Abschnitt 4.2 – Nach der akuten Notfallsituation

Mitarbeiter der Notfallseelsorge, Notfallbegleitung und Krisenintervention sowie das Rettungspersonal sind nur im akuten Notfall zur Durchführung der ersten qualifizierten Maßnahmen und zur Stabilisierung der Betroffenen am Unfallort. Ähnlich wie die weitere Behandlung von körperlich Verletzten nicht mehr zu den Aufgaben der Notärzte gehört, sind die Mitarbeiter der NFS/NFB/KIT für eine längerfristige Begleitung und Behandlung von schweren und lang anhaltenden Belastungssymptomen nicht mehr zuständig und nicht ausgebildet.

Auf einem Betriebsgelände wird die Raumpflegerin eines externen Unternehmens von einem Gabelstapler erfasst und tödlich verletzt. Der Notarzt alarmiert die Notfallseelsorge. Eine Mitarbeiterin des Unternehmens, auf dessen Gelände sich der Unfall ereignet hat, benachrichtigt über die Hotline den Vertragspartner für die Nachsorge. Am vierten Tag nach dem Unfall treffen sich von diesem Unfall Betroffene aus beiden Unternehmen zu einem Nachgespräch.
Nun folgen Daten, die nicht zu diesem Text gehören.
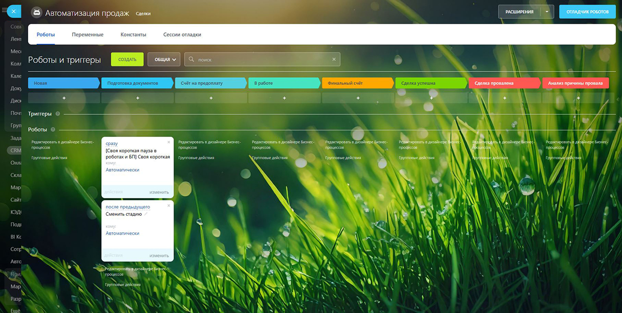 Смотрим, как всё устроено на тестовом стенде. Вот у нас колонка «Встреча». Я хочу, чтобы карточка, попав сюда, пробыла в этой колонке всего 5 секунд, а затем перелетела в следующую — «Бриф». Посмотрим, справится ли приложение.

In der Abschlussrunde sagt ein Teilnehmer, dass ihm seit dem Unfall einiges im Kopf durcheinandergegangen sei. Das strukturierte Gespräch mit den anderen habe ihm geholfen, die Dinge zu sortieren und Lücken zu füllen. Jetzt könne er mit dem Unfall abschließen.

Ein anderer Teilnehmer erzählt, dass er seit dem Unfall die Kollegen nun zum ersten Mal wiedergetroffen hat. Es war für ihn tröstlich zu hören, dass es ihnen in den letzten Tagen seelisch genauso schlecht ging wie ihm. Das habe ihn ermutigt, in dieser Runde auch über seine Symptome und Gefühle zu reden. Das habe ihm sehr geholfen.

• 1983 entwickelte der amerikanische Psychologe Jeffrey T. Mitchell eine Methode für ein Gruppennachgespräch (CISM-Debriefing)28 nach belastenden Einsätzen.

Es war zunächst als Hilfe für Einsatzkräfte von Feuerwehr, Rettungsdienst, Polizei und Militär gedacht, wurde aber bald auch mit anderen Personengruppen durchgeführt. Dieses methodische Gruppennachgespräch "ist darauf ausgerichtet, der Entwicklung von Posttraumatischen Belastungsstörungen ... weitgehend vorzubeugen oder sie zumindest abzumildern."29

Seit Anfang der 80er-Jahre wurde Menschen nach zahlreichen internationalen Katastrophen des letzten Jahrhunderts mit dieser Methode geholfen (in Deutschland nach dem ICE-Unglück in Eschede 1998, nach dem Amoklauf in einer Schule in Erfurt 2002, nach dem Flugzeugabsturz in Überlingen 2002, nach dem Elbehochwasser 2002 sowie nach unzähligen weniger medienwirksamen Unfällen auch in Betrieben).

• Neben der Methode von Mitchell sind in letzter Zeit weitere Konzepte entwickelt worden, die das gleiche Ziel verfolgen und für die Zeit nach der akuten Begleitung durch NFS/NFB/KIT als weiteres Hilfsangebot zur Vermeidung bzw. zur gezielten Überleitung in psychotherapeutische Behandlung gedacht sind.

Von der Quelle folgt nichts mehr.